What is human pose estimation?
One of the most mature artificial intelligence technologies, human pose estimation, has been quietly making its presence felt in business applications
Currently hovering at the edge of mainstream adoption, many believe 2020 will see human pose estimation experience widespread growth in an array of new applications.
So why is human pose estimation so important? Put simply, it’s easy for adults to tell the difference between different types of movements: we can effortlessly distinguish between someone breakdancing and doing push-ups, for example. Computers, however, see pictures as a number of pixels, so it’s more difficult for them to understand what’s happening in the picture or video.
Pose estimation is a machine-learning technique that’s been developed to help a computer understand what position a human has taken, to analyse their movement further for a wide range of uses and applications.
How does it work?
First, let’s look at how human pose estimation works. The easiest way to estimate the human body position in a picture is to determine key points on the person, such as knees, elbows, hips, feet, shoulders and neck.
“Pose estimation is usually run on 2D images or individual frames of a video sequence,” Dr Rob Dupre, an expert in crowd counting and behaviour analytics, explains.
“The joint positions can be connected to form a rudimentary skeleton which can then be visualised on the image. The skeleton is usually presented in 2D on top of the image; however, another area of pose estimation research looks at projecting those joints into 3D, allowing for applications like motion capture for moving 3D CGI [computer-generated imagery] models.”
Dupre says this kind of key point detection is comparable to the technology which supports programmes, such as Snapchat filters or Apple’s Animoji, although they focus on just key points associated with the face.
Now that we can detect and identify where a person is in a scene, the next question is what are they doing?
Pose estimation, through its ability to detect joint positions, can help find the answer. Using its additional metadata, we can infer a host of new information from what a camera is seeing. The relationship between these points allows us to detect specific body positions.
“For example, if a person’s ankles are horizontally aligned with their hips and their head, we might be able to infer that they are lying down,” says Dupre. “Using tracking technology, we can check to see if that same person was lying down in a previous frame. This might indicate they have fallen down and we might want to alert someone to this.”
Why is the technology set to take off?
Detection of people has long been a major focus for a range of industries, including security, business intelligence, health and safety, and entertainment. With recent developments in machine-learning algorithms, the accuracy of these detections, and the hardware requirements to run them, pose estimation has now reached a point where it has become commercially viable.
In addition, the technology’s growth is also being driven by the coronavirus crisis, says Dupre.
“Businesses have had to respond to stringent requirements on capacity and social distancing which has typically been addressed through manual monitoring and counting. The cost to do this at scale has generated an instant need for accurate automation of these tasks and pose estimation is one technology that provides this as well as much more,” he says.
Indeed, social-distancing applications, combining human pose estimation and distance projection heuristics, now exist that encourage individuals to maintain physical distance from each other during the pandemic.
Social-distancing applications, combining human pose estimation and distance projection heuristics, now exist that encourage individuals to maintain physical distance from each other during the pandemic
It’s also worth stating that pose estimation is compliant with the General Data Protection Regulation as it doesn’t identify personal features; it simply uses key points on the body to identify a human presence.
IDC describes the convergence of technology and humanity, as augmented humanity. It notes: “Technologies are generating new human-like experiences, leveraging a new range of human-machine interactions that are three-dimensional, more intuitive and more natural.”

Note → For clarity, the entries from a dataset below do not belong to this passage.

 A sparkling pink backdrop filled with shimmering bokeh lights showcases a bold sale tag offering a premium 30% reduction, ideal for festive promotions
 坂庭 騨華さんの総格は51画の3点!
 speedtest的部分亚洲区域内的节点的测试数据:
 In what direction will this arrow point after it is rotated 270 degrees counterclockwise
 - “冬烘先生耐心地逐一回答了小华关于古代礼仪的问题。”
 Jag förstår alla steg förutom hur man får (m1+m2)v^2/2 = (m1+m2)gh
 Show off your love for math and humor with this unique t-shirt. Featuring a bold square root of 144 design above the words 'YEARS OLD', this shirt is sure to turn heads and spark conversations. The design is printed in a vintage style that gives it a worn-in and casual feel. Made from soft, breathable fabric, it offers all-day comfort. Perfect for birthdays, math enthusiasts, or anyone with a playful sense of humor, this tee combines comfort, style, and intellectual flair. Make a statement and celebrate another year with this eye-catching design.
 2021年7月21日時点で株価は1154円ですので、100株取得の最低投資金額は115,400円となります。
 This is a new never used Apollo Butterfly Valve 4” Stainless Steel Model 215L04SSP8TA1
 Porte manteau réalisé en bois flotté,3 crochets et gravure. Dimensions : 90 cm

Human pose estimation will help enable a new generation of interaction and intersection between the physical and digital worlds.
Human pose estimation applications
Human pose estimation is lauded as especially important in a wide range of use-cases.

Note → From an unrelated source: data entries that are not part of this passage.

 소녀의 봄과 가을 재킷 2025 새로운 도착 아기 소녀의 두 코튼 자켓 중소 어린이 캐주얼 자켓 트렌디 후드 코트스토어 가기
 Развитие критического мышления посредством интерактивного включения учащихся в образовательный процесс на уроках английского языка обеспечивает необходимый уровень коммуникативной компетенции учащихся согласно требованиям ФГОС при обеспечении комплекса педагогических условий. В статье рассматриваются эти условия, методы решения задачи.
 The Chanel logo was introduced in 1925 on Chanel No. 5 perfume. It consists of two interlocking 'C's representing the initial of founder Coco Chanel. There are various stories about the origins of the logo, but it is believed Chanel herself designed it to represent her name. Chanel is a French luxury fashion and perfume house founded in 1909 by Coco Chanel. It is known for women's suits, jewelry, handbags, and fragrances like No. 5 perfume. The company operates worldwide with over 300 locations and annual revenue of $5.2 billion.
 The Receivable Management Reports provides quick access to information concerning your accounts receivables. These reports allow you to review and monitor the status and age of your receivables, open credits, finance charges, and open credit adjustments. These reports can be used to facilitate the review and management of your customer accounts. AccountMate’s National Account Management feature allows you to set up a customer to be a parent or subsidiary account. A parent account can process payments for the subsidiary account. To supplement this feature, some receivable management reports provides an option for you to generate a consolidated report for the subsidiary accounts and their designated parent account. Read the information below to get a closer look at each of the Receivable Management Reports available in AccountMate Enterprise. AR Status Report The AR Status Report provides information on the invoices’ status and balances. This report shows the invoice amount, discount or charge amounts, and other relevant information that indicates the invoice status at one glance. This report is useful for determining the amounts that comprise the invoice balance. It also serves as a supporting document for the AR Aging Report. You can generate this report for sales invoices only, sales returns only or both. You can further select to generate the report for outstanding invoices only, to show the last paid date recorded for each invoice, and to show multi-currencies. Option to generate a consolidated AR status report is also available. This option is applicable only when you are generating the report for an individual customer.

One of the more widely known examples of pose estimation was with Microsoft’s Kinect hardware for the Xbox. This allowed players to interact with a game using their body without the need for the player to hold anything for the system to track, as now commonly seen in virtual-reality applications.
Kinect tracked 25 joints across the full body. However, this technology relied on specialist camera technology that limited the range. Modern pose estimation techniques only require a standard RGB (red, green and blue) camera, making the technology far more applicable.

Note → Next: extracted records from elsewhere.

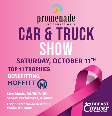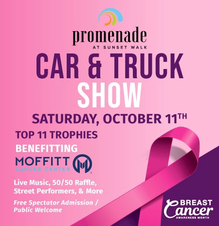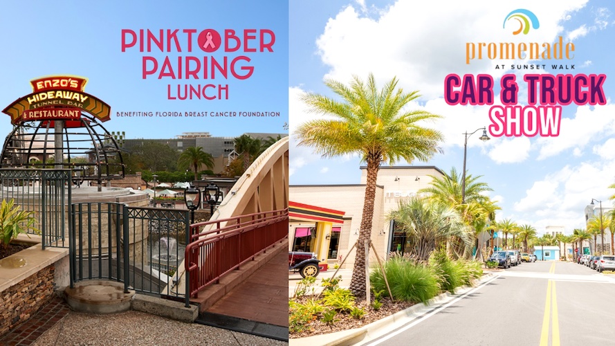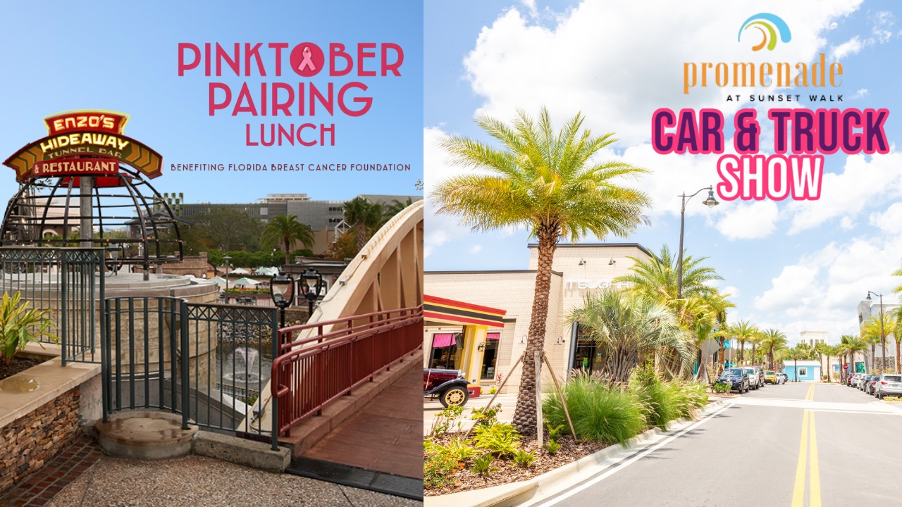 - Saturday, October 11, 2025, from 2-8 p.m., Orlando’s premier entertainment and dining district, the Promenade at Sunset Walk, will present the 4th Annual Breast Cancer Awareness Car & Truck Show.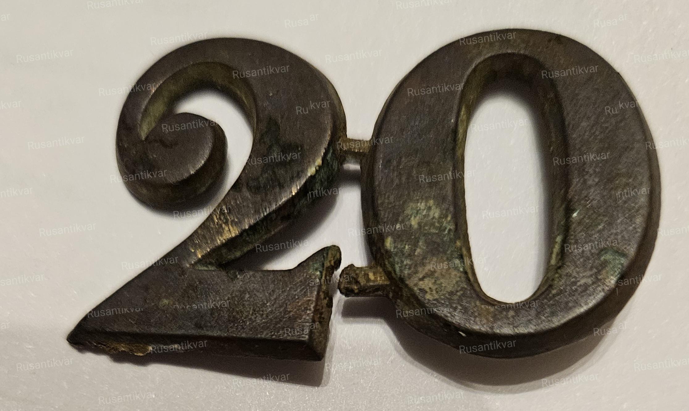 Пуговица нижнего чина 20-го пехотного полка, 1830-1855.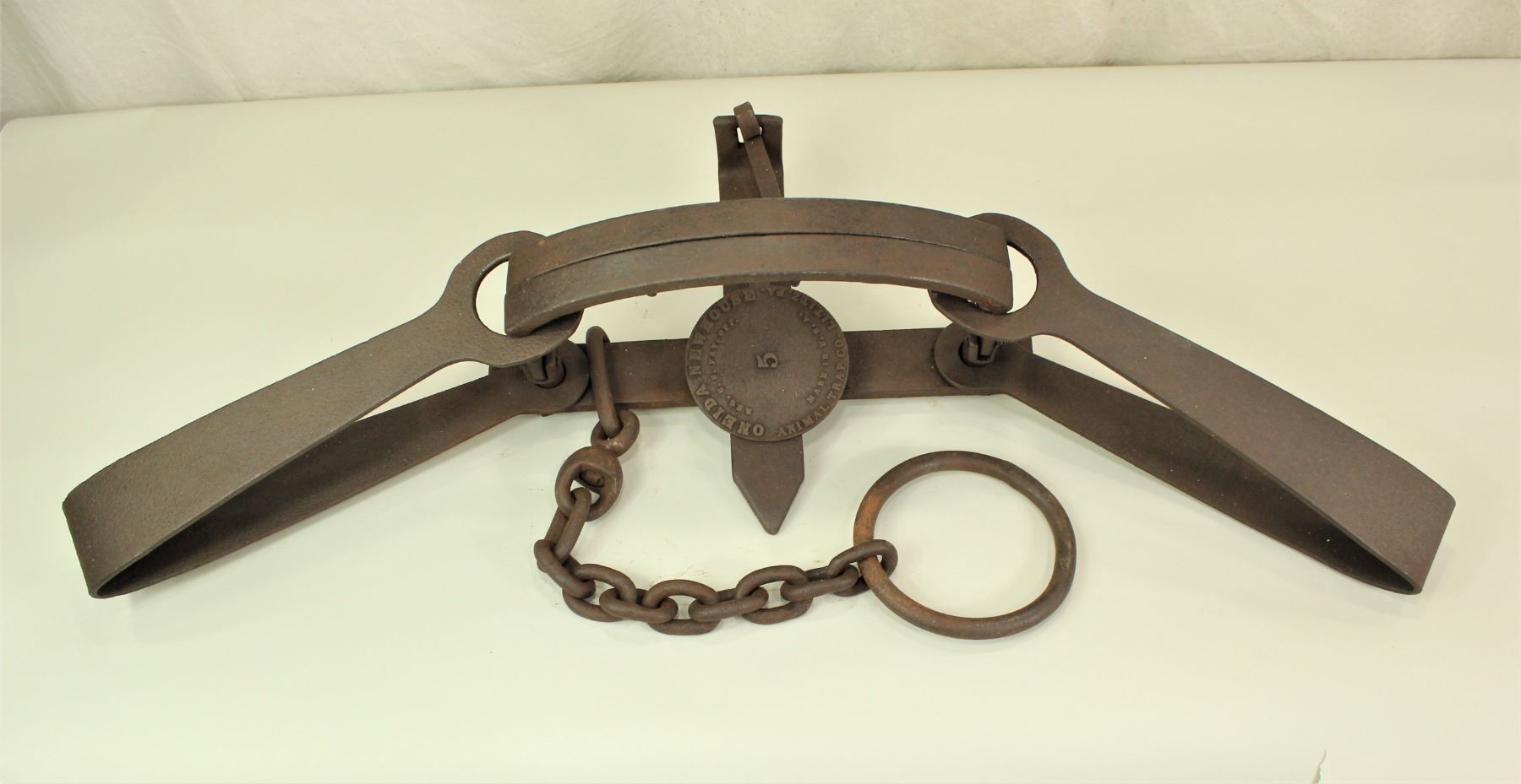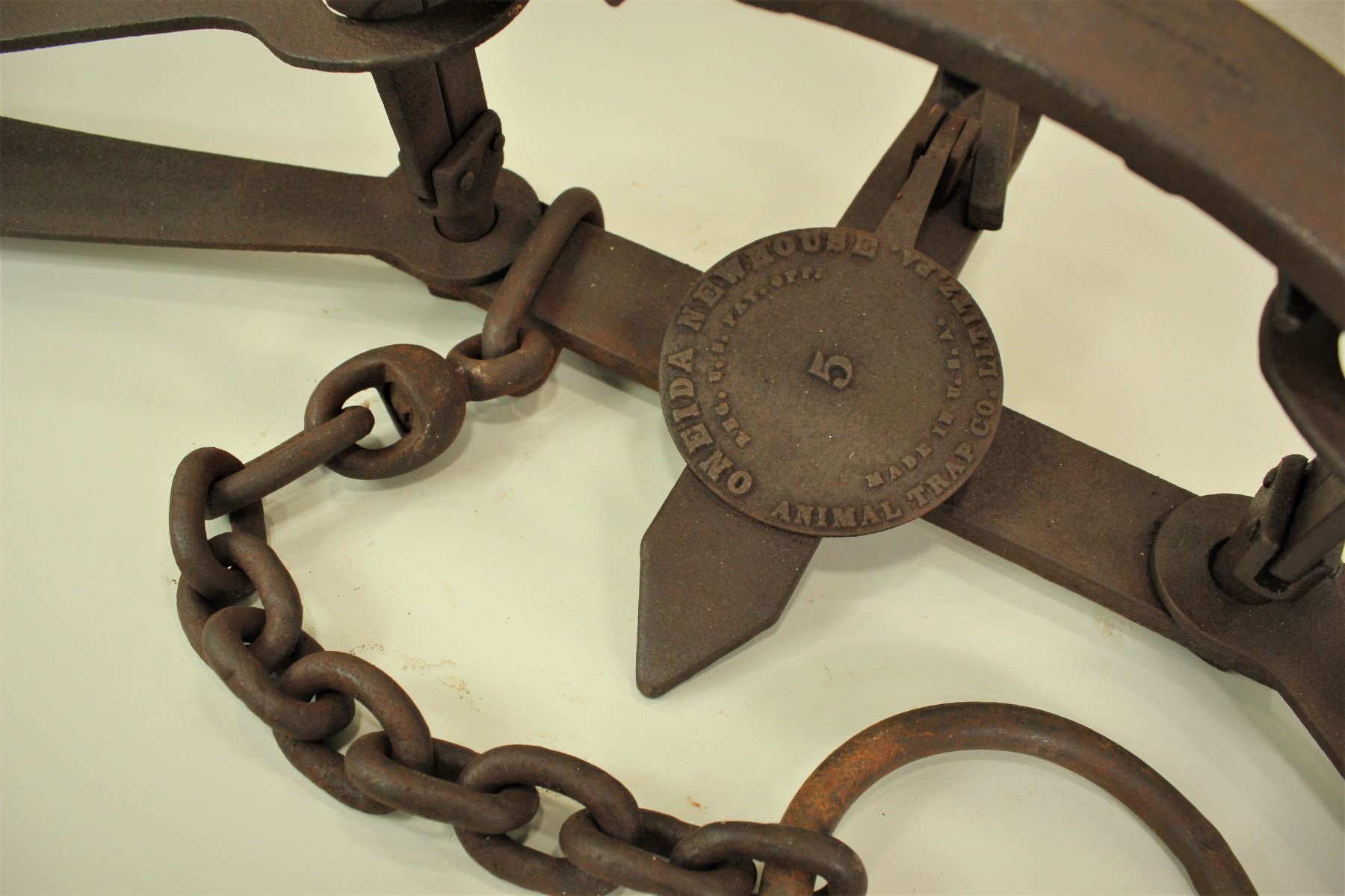 A highly sought after large #5 bear trap with "Oneida Newhouse" marked pan, and completed by its original drag chain.

“This change is the major reason why we believe this technology will start to become prominent as it allows the reuse of existing installed cameras,” says expert in crowd counting and behaviour analytics Dr Rob Dupre.
Virtual coaches are also one of the most promising technology applications. The user has a device in front of them, deep neural networks receive the stream from the device, process it and provide information on a joint’s localisation. There are additional algorithms that determine what exercise was completed, how many times the user did it and if there were any mistakes like hips going higher than shoulders when doing a plank, and so on.
Elsewhere, an advanced tracker has been designed for the retail market. It can be used for counting at entrances and exits, using other business intelligence, or BI, metadata such as how long someone has been queuing, whether there are more than a set number of people waiting to be served or just as a way of detecting which parts of the store generate the most interest to customers.
Typical motion-based tracking engines would struggle with false detections caused by moving doors or changes in illumination, but the use of pose estimation eliminates many of these issues.